[Opening Extracted data section]

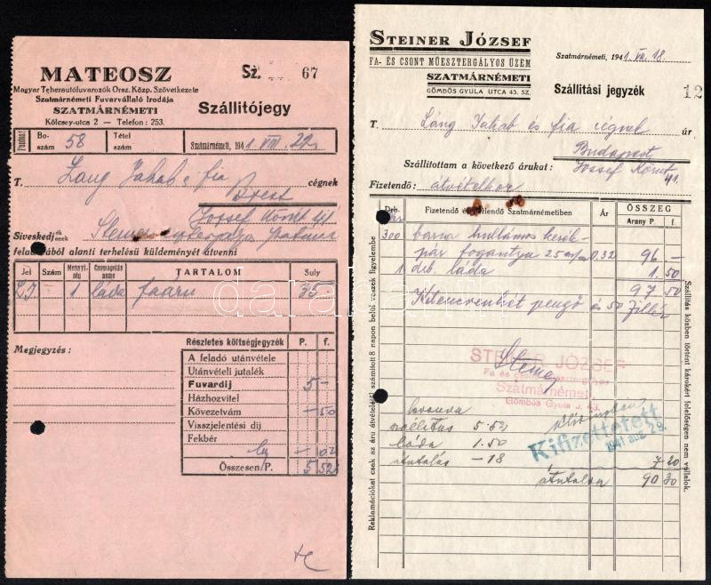Leírás: 1941 Szatmárnémeti, 2 db szállítólevél (MATEOSZ és Steiner József fa- és csont műesztergályos üzem), fejléces papíron, kissé sérült
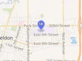 Sheldon High School is a rural public high school in Sheldon, Iowa, serving students of the Sheldon Community School District in grades 9-12. The school mascot is the Orab, a portmanteau of the school colors, orange and black.[6][7] Athletic competitions have taken place in the Siouxland Conference since 2009, when the school moved from the Lakes Conference.[8]
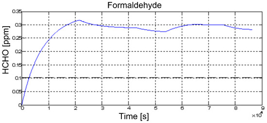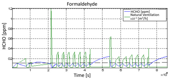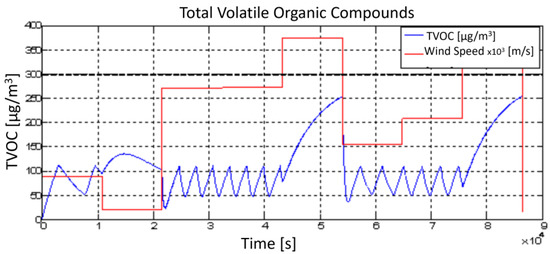 The IAQ model is composed of three main sources of pollution: formaldehyde (HCHO), carbon dioxide (CO2) and TVOC (total volatile organic compounds). The first one consists of a colorless organic compound with a highly irritating odor, used mainly in the production of wood panels and furniture, paints, and laminate. CO2 is produced by people in sedentary work in the room. The last source of pollution, i.e., TVOC, includes different chemical compounds. The concentration of toxic waste can be evaluated in terms of the volume of pollution to the volume of standard indoor air [48].
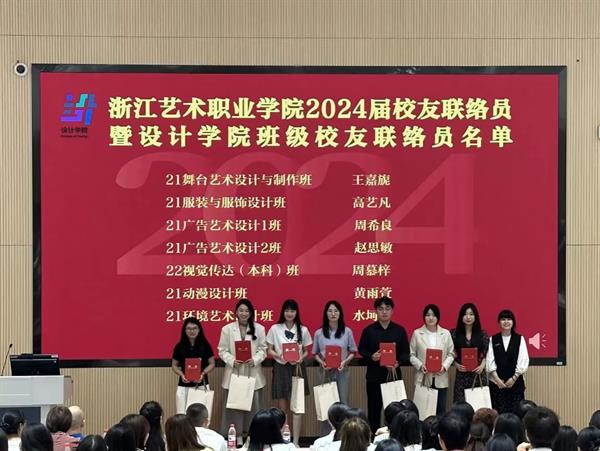 經(jīng)各二級(jí)學(xué)院的精心選拔和推薦,產(chǎn)學(xué)合作處審核,全校公示,最終確定了新一屆校友聯(lián)絡(luò)員的名單,并于5月正式印發(fā)了《關(guān)于公布浙江藝術(shù)職業(yè)學(xué)院2024屆校友班級(jí)聯(lián)絡(luò)員的通知》。此次共有43名優(yōu)秀的應(yīng)屆畢業(yè)生脫穎而出,成為新一任校友聯(lián)絡(luò)員,他們將肩負(fù)起連接校友與學(xué)校的重任。產(chǎn)學(xué)合作處與浙藝校友會(huì)共同精心設(shè)計(jì)了校友聯(lián)絡(luò)員聘書及精美的紀(jì)念品。在2024屆畢業(yè)典禮上,學(xué)校隆重舉行了新一屆校友聯(lián)絡(luò)員的聘任儀式。這一儀式不僅是對(duì)他們過(guò)去努力的肯定,更是對(duì)他們未來(lái)工作的期許。
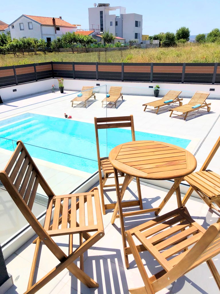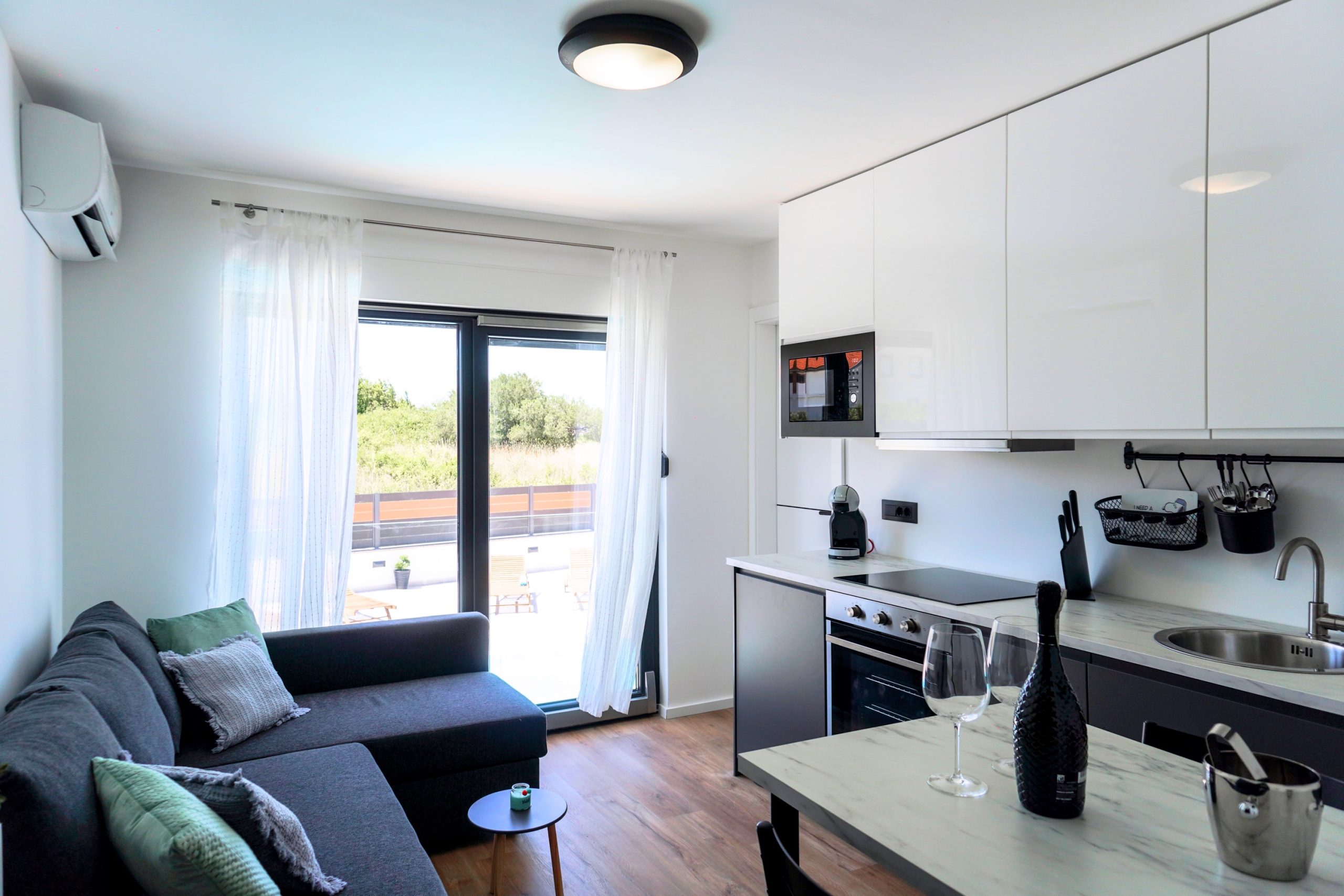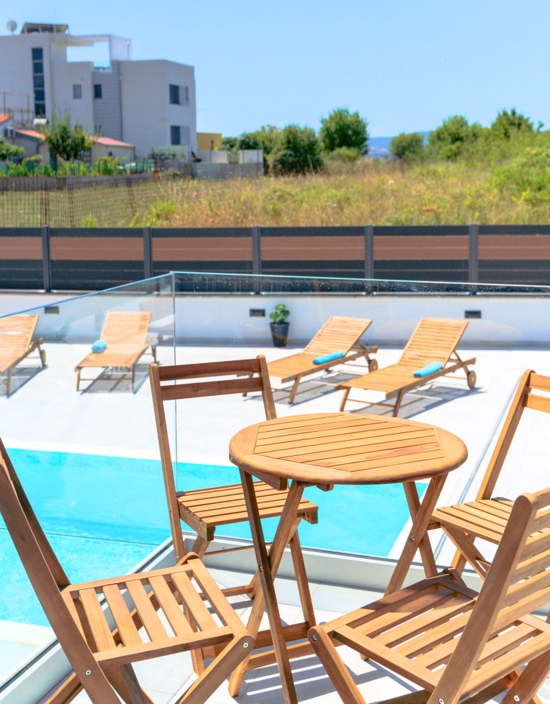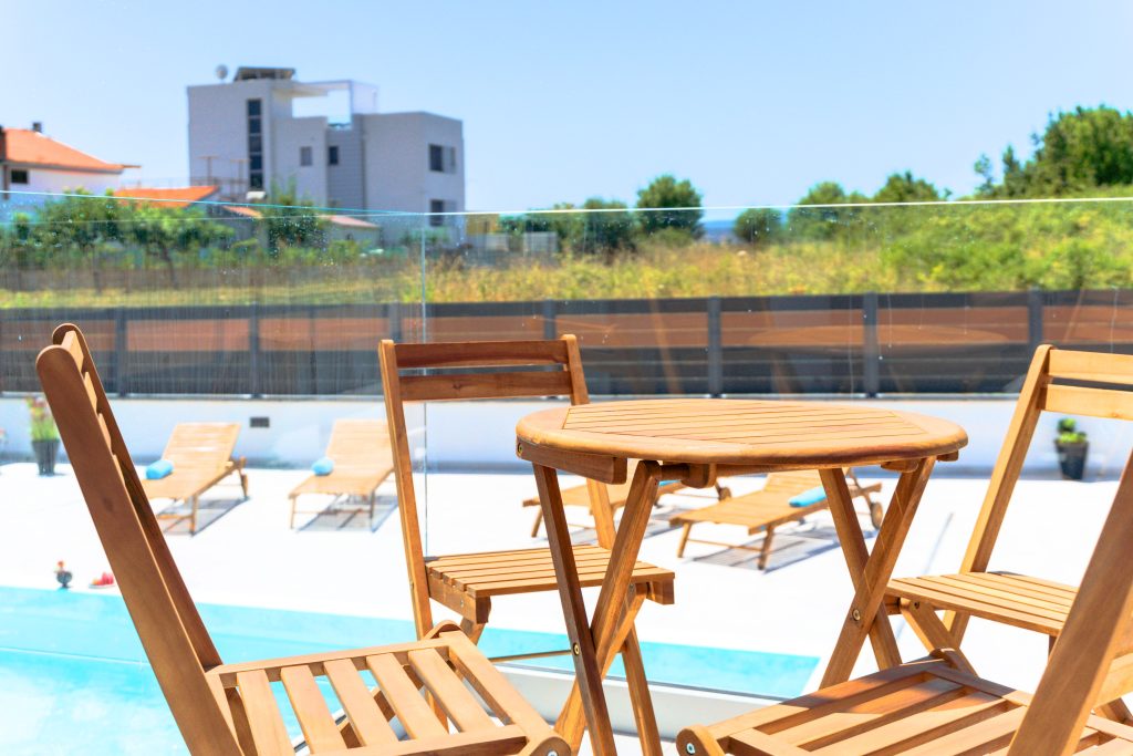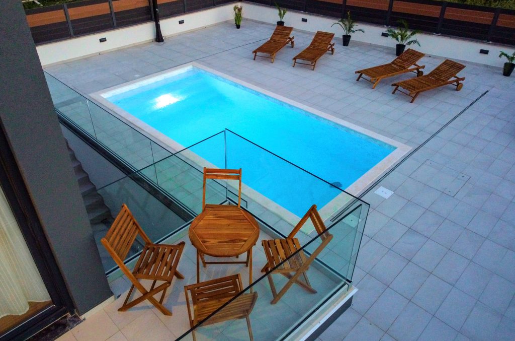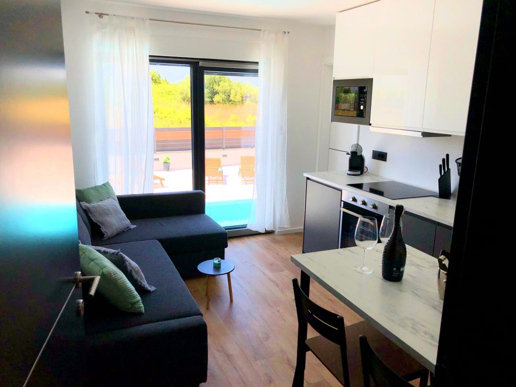 Welcome in private & serviced Blue Apartment, which has romantic balcony overlooking the swimming pool with sea view. Blue apartment is ideal for 4 people. You will love its romantic balcony, when in the night blue color from crystal clear pool water shines all over the apartment.
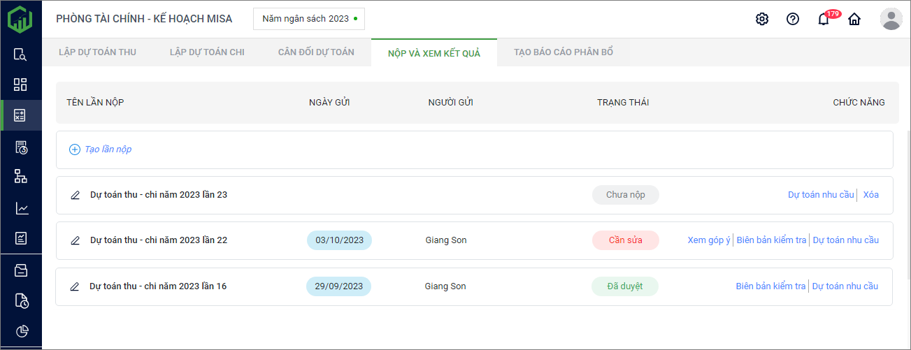 Sau khi đơn vị nộp dự toán lên cấp trên, đơn vị đợi cấp trên kiểm tra lại và gửi phản hồi lại cho đơn vị cấp dưới. Tại tab Nộp và xem kết quả, anh/chị có thể sử dụng một số chức năng sau:
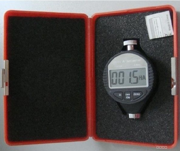 C型适用于橡塑并用、塑料中含有发泡剂制成的微孔材料D型适用于一般硬橡胶、树脂、压可力、玻璃、热塑性橡胶、印刷板、纤维等。符合标准DIN53505,ASTMD2240,JISR72152.概述邵氏橡胶硬度计是测定硫化橡胶和塑料制品硬度的仪器,该仪器有A型、D型、C型三种形式A型和D型分别适用于低中硬度和高硬度材料的测试。C型适用于压缩为50%,应力0.049MPa以上时,采用橡塑并用,塑料中含有发泡剂制成的鞋用微孔材料硬度的测试。本硬度计执行GB/T531-99,GB2411-80,HG/T2489-93,JJG304-2003有关规定。3.主要参数刻度盘值:0-100度压针行程:0-2.5mm压针端压力:A/C型0.55N-8.06N,D型0-44.5N4.使用方法把式样放置在坚固的平面上,拿住硬度计,压针距离试样边缘至少12mm平稳的把压足压在试样上,使压针垂直的压入试样,直至压足和试样完全接触时1S内读数。在测点相距至少6mm的不同位置测试硬度值5次,取其平均值(微孔材料测点相距至少15mm)。为稳定测试条件,提高测试精度,应将硬度计装置在配套生产的同型号测定架上测定。5.使用须知使用前应检查硬度计的指针在自由状态下应显示为零,(如不显示为零,使用清零键ZERO清零)。将硬度计压在玻璃板时,应显示100度(压针端面与压脚底面严密接触与玻璃板上)。如不指示0和100度时,可以轻微按动压针几次,如仍不显示0和100度时,则不能使用。如在定荷架上使用时,可以按动手柄,使硬度计在砝码重力作用下,硬度计压足和测试台完全接触,此时数值显示应100±1度,可以使用试验台下两个调节手轮微调,如仍调不到100±1度,同样不可以使用,做好送厂方调整为宜。D型硬度计手持压在玻璃上检验零位时货装置在定荷测定架上调整零位时,必须在硬度计压足下放置坚硬的专用量块,否则,硬度计压头会压损玻璃板,而且很难准确示值。橡胶试样应按GB/T631-99的要求制备,塑料试样应按GB2411-80的要求制备,橡胶微孔材料的试样应按GB2489-93的要求制备在可能的情况下橡塑试样在测定前应按照GB0T2941/GB/T2918的规定在实验室标准温度下进行调节后再测定。当试样用A型硬度计测量值超过90度时,推荐使用D型硬度计,当D型硬度计测量值低于20度时,推荐用A型硬度计。A型硬度计示值低于10度时是不准确的,测量结果不能使用。硬度计在使用完毕后,应擦净装入仪器盒内,放置干燥处,防止受潮。
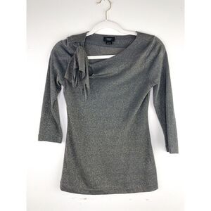 DELETTA Anthropologie Gray Metallic Shirt S Keyhole Bow 3/4 Sleeve Stretch Size

[Closing Extracted data section]

_Aim of the task_: Restate it all word for word: every record, no pictures.

_Response to the task_:
Leírás: 1941 Szatmárnémeti, 2 db szállítólevél (MATEOSZ és Steiner József fa- és csont műesztergályos üzem), fejléces papíron, kissé sérült
 Sheldon High School is a rural public high school in Sheldon, Iowa, serving students of the Sheldon Community School District in grades 9-12. The school mascot is the Orab, a portmanteau of the school colors, orange and black.[6][7] Athletic competitions have taken place in the Siouxland Conference since 2009, when the school moved from the Lakes Conference.[8]
 The IAQ model is composed of three main sources of pollution: formaldehyde (HCHO), carbon dioxide (CO2) and TVOC (total volatile organic compounds). The first one consists of a colorless organic compound with a highly irritating odor, used mainly in the production of wood panels and furniture, paints, and laminate. CO2 is produced by people in sedentary work in the room. The last source of pollution, i.e., TVOC, includes different chemical compounds. The concentration of toxic waste can be evaluated in terms of the volume of pollution to the volume of standard indoor air [48].
 經(jīng)各二級(jí)學(xué)院的精心選拔和推薦,產(chǎn)學(xué)合作處審核,全校公示,最終確定了新一屆校友聯(lián)絡(luò)員的名單,并于5月正式印發(fā)了《關(guān)于公布浙江藝術(shù)職業(yè)學(xué)院2024屆校友班級(jí)聯(lián)絡(luò)員的通知》。此次共有43名優(yōu)秀的應(yīng)屆畢業(yè)生脫穎而出,成為新一任校友聯(lián)絡(luò)員,他們將肩負(fù)起連接校友與學(xué)校的重任。產(chǎn)學(xué)合作處與浙藝校友會(huì)共同精心設(shè)計(jì)了校友聯(lián)絡(luò)員聘書及精美的紀(jì)念品。在2024屆畢業(yè)典禮上,學(xué)校隆重舉行了新一屆校友聯(lián)絡(luò)員的聘任儀式。這一儀式不僅是對(duì)他們過(guò)去努力的肯定,更是對(duì)他們未來(lái)工作的期許。
 Welcome in private & serviced Blue Apartment, which has romantic balcony overlooking the swimming pool with sea view. Blue apartment is ideal for 4 people. You will love its romantic balcony, when in the night blue color from crystal clear pool water shines all over the apartment.
 Sau khi đơn vị nộp dự toán lên cấp trên, đơn vị đợi cấp trên kiểm tra lại và gửi phản hồi lại cho đơn vị cấp dưới. Tại tab Nộp và xem kết quả, anh/chị có thể sử dụng một số chức năng sau:
 C型适用于橡塑并用、塑料中含有发泡剂制成的微孔材料D型适用于一般硬橡胶、树脂、压可力、玻璃、热塑性橡胶、印刷板、纤维等。符合标准DIN53505,ASTMD2240,JISR72152.概述邵氏橡胶硬度计是测定硫化橡胶和塑料制品硬度的仪器,该仪器有A型、D型、C型三种形式A型和D型分别适用于低中硬度和高硬度材料的测试。C型适用于压缩为50%,应力0.049MPa以上时,采用橡塑并用,塑料中含有发泡剂制成的鞋用微孔材料硬度的测试。本硬度计执行GB/T531-99,GB2411-80,HG/T2489-93,JJG304-2003有关规定。3.主要参数刻度盘值:0-100度压针行程:0-2.5mm压针端压力:A/C型0.55N-8.06N,D型0-44.5N4.使用方法把式样放置在坚固的平面上,拿住硬度计,压针距离试样边缘至少12mm平稳的把压足压在试样上,使压针垂直的压入试样,直至压足和试样完全接触时1S内读数。在测点相距至少6mm的不同位置测试硬度值5次,取其平均值(微孔材料测点相距至少15mm)。为稳定测试条件,提高测试精度,应将硬度计装置在配套生产的同型号测定架上测定。5.使用须知使用前应检查硬度计的指针在自由状态下应显示为零,(如不显示为零,使用清零键ZERO清零)。将硬度计压在玻璃板时,应显示100度(压针端面与压脚底面严密接触与玻璃板上)。如不指示0和100度时,可以轻微按动压针几次,如仍不显示0和100度时,则不能使用。如在定荷架上使用时,可以按动手柄,使硬度计在砝码重力作用下,硬度计压足和测试台完全接触,此时数值显示应100±1度,可以使用试验台下两个调节手轮微调,如仍调不到100±1度,同样不可以使用,做好送厂方调整为宜。D型硬度计手持压在玻璃上检验零位时货装置在定荷测定架上调整零位时,必须在硬度计压足下放置坚硬的专用量块,否则,硬度计压头会压损玻璃板,而且很难准确示值。橡胶试样应按GB/T631-99的要求制备,塑料试样应按GB2411-80的要求制备,橡胶微孔材料的试样应按GB2489-93的要求制备在可能的情况下橡塑试样在测定前应按照GB0T2941/GB/T2918的规定在实验室标准温度下进行调节后再测定。当试样用A型硬度计测量值超过90度时,推荐使用D型硬度计,当D型硬度计测量值低于20度时,推荐用A型硬度计。A型硬度计示值低于10度时是不准确的,测量结果不能使用。硬度计在使用完毕后,应擦净装入仪器盒内,放置干燥处,防止受潮。
 DELETTA Anthropologie Gray Metallic Shirt S Keyhole Bow 3/4 Sleeve Stretch Size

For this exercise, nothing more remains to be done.